All muscle components are automatically organized in Blender collections:

• Muscles Collection: Contains all muscle sub collections and objects
• Muscle Names Collection: Contains individual muscle objects named according to the specified muscle name

1. Clean Geometry: Ensure bone meshes are manifold with no intersecting faces
2. Continuous Selection: Select continuous attachment areas without gaps
3. Proper Scale: Verify your model is at correct anatomical scale
4. Curve Refinement: Adjust Bezier handles and radius for optimal muscle shape
5. Iterative Workflow: Use preview function to refine before final generation

If you use this method in your research, please cite the original paper:

Herbst, E. C., Meade, L. E., Lautenschlager, S., & Scheyer, T. M. (2022). 
A toolbox for the retrodeformation and muscle reconstruction of fossil specimens in Blender. 
Royal Society Open Science, 9(12), 220519. https://doi.org/10.1098/rsos.220519

For this remix version:

Díaz de León-Muñoz, E. M. (2025).

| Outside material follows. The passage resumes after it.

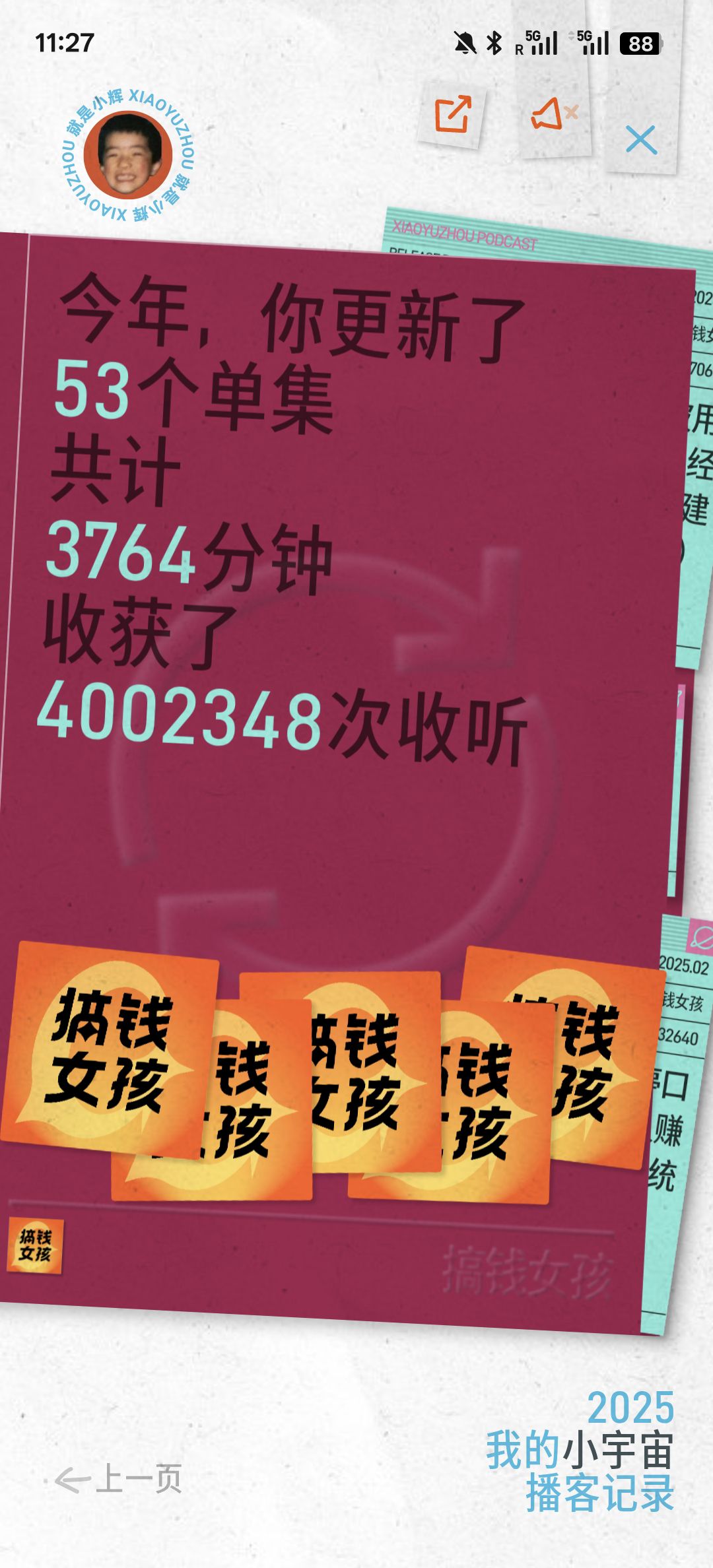 此刻,我的小宇宙APP上显示收听时长为1894小时41分,能绕月球两圈、海王星118圈。我不禁感叹,这无形的时间里竟藏着如此巨大的复利金矿。究竟是怎样的魔力,让我从一个只会埋头苦干的职场老黄牛变成了玩赚流量的播客主播,从迷茫找自己的沪漂变成了现在把热爱变成事业的内容创业者?

MyoGeneratorRemix: A Blender Add-On for Creating Volumetric Muscles 
[Computer software]. Retrieved from https://github.com/MiguelDLM/MyoGeneratorRemix

This version implements several advanced computational geometry techniques:

• Parallel Transport Frames: Bishop frame algorithm for consistent mesh orientation
• Bezier Sampling: High-quality curve discretization for smooth muscle paths
• Automatic Material Nodes: Procedural shader networks for realistic muscle appearance
• Dynamic Mesh Updates: Real-time mesh regeneration based on curve modifications

This program is free software: you can redistribute it and/or modify it under the terms of the GNU General Public License as published by the Free Software Foundation, either version 3 of the License, or (at your option) any later version.

Based on the original MyoGenerator by Eva C. Herbst and Niccolo Fioritti.